[[ MATERIAL PROVIDED, beginning ]]
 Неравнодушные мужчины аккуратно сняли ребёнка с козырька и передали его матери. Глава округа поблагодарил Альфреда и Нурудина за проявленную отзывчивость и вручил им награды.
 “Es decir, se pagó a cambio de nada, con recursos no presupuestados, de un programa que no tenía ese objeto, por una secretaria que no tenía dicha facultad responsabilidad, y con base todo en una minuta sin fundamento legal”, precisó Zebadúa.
[[ MATERIAL PROVIDED, end ]]
[[ MATERIAL PROVIDED, beginning ]]
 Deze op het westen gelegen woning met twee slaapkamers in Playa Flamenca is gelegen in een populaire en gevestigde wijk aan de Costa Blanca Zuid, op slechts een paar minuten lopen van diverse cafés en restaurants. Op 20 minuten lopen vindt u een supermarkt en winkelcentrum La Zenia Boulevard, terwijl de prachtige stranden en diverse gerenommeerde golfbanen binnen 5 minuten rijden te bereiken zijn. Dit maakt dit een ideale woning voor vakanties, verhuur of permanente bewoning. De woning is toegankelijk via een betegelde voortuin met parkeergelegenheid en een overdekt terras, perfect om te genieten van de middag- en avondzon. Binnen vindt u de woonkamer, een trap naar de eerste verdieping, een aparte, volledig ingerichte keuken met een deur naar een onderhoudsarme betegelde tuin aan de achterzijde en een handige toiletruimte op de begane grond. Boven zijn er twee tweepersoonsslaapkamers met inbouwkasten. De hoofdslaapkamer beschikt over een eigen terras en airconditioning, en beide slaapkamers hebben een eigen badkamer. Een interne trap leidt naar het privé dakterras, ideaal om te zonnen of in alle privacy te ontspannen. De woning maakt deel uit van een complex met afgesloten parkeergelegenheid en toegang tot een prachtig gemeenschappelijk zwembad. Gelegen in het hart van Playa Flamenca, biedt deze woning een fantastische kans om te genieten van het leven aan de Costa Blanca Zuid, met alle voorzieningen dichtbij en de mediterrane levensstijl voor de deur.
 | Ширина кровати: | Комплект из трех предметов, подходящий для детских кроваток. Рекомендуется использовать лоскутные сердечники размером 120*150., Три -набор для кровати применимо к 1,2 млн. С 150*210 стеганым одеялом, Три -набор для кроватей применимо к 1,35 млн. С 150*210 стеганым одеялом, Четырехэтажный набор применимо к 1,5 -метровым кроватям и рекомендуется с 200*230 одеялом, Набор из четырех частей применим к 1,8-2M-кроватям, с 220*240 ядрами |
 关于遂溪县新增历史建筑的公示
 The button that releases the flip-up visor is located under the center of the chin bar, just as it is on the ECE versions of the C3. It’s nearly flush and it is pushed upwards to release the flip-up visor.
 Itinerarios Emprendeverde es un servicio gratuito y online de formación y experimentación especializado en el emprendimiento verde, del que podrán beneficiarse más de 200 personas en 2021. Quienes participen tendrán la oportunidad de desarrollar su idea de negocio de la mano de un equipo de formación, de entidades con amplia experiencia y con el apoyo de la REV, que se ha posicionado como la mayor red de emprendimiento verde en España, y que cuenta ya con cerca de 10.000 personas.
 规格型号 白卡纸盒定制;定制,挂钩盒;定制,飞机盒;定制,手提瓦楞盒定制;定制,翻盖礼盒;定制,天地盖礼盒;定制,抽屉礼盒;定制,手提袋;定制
[[ MATERIAL PROVIDED, end ]]
Starting at the line with "关于遂溪县新增历史建筑的公示" and ending at the line with "规格型号 白卡纸盒定制;定制", print each line of the listing above exactly, with no other lines.

 关于遂溪县新增历史建筑的公示
 The button that releases the flip-up visor is located under the center of the chin bar, just as it is on the ECE versions of the C3. It’s nearly flush and it is pushed upwards to release the flip-up visor.
 Itinerarios Emprendeverde es un servicio gratuito y online de formación y experimentación especializado en el emprendimiento verde, del que podrán beneficiarse más de 200 personas en 2021. Quienes participen tendrán la oportunidad de desarrollar su idea de negocio de la mano de un equipo de formación, de entidades con amplia experiencia y con el apoyo de la REV, que se ha posicionado como la mayor red de emprendimiento verde en España, y que cuenta ya con cerca de 10.000 personas.
 规格型号 白卡纸盒定制;定制,挂钩盒;定制,飞机盒;定制,手提瓦楞盒定制;定制,翻盖礼盒;定制,天地盖礼盒;定制,抽屉礼盒;定制,手提袋;定制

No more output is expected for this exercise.